══ Exercise data ══
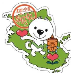
和歌山県PRキャラクター「きいちゃん」
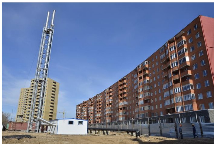
Рисунок 3. Процесс строительства социально-бюджетного жилья ЖК «Жетэ жол» в г. Астана

Эффективность использования пространства также несет большую ответственность. Социально-бюджетное жилье в городе Астана обычно строится с учетом оптимального использования пространства (Рис. 4).
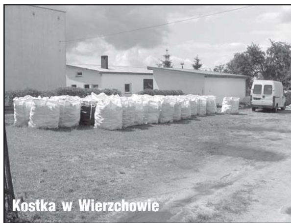
Kostka w Wierchowiu
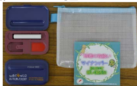
印鑑・印鑑ケース・ 収納ケース・印鑑マニュアル
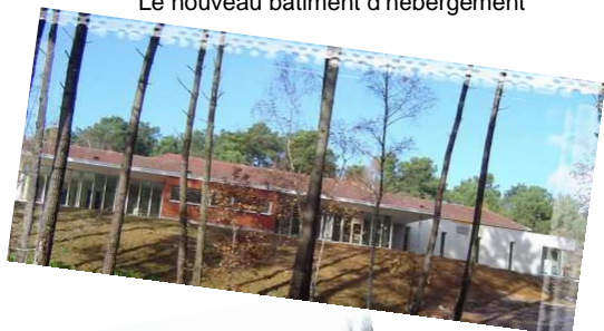
Le nouveau bâtiment d'hébergement
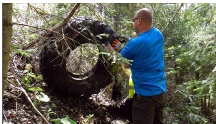
grupa dorosłych sprząta okolice drogi na Krowiarki, 16.05.2015
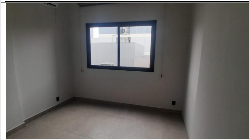
Sala VIP #2
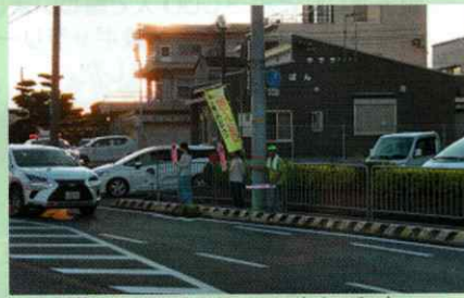
夕暮れ時早めのライト点灯呼びかけ
═══
### Your goal
Print the lines from the one that contains "印鑑・印鑑ケース・ 収納ケース・印鑑マニュアル" through the last line of the data, exactly and in full, and no other lines. Pictures are not part of the copy.

### Answer for the task
印鑑・印鑑ケース・ 収納ケース・印鑑マニュアル
Le nouveau bâtiment d'hébergement
grupa dorosłych sprząta okolice drogi na Krowiarki, 16.05.2015
Sala VIP #2
夕暮れ時早めのライト点灯呼びかけ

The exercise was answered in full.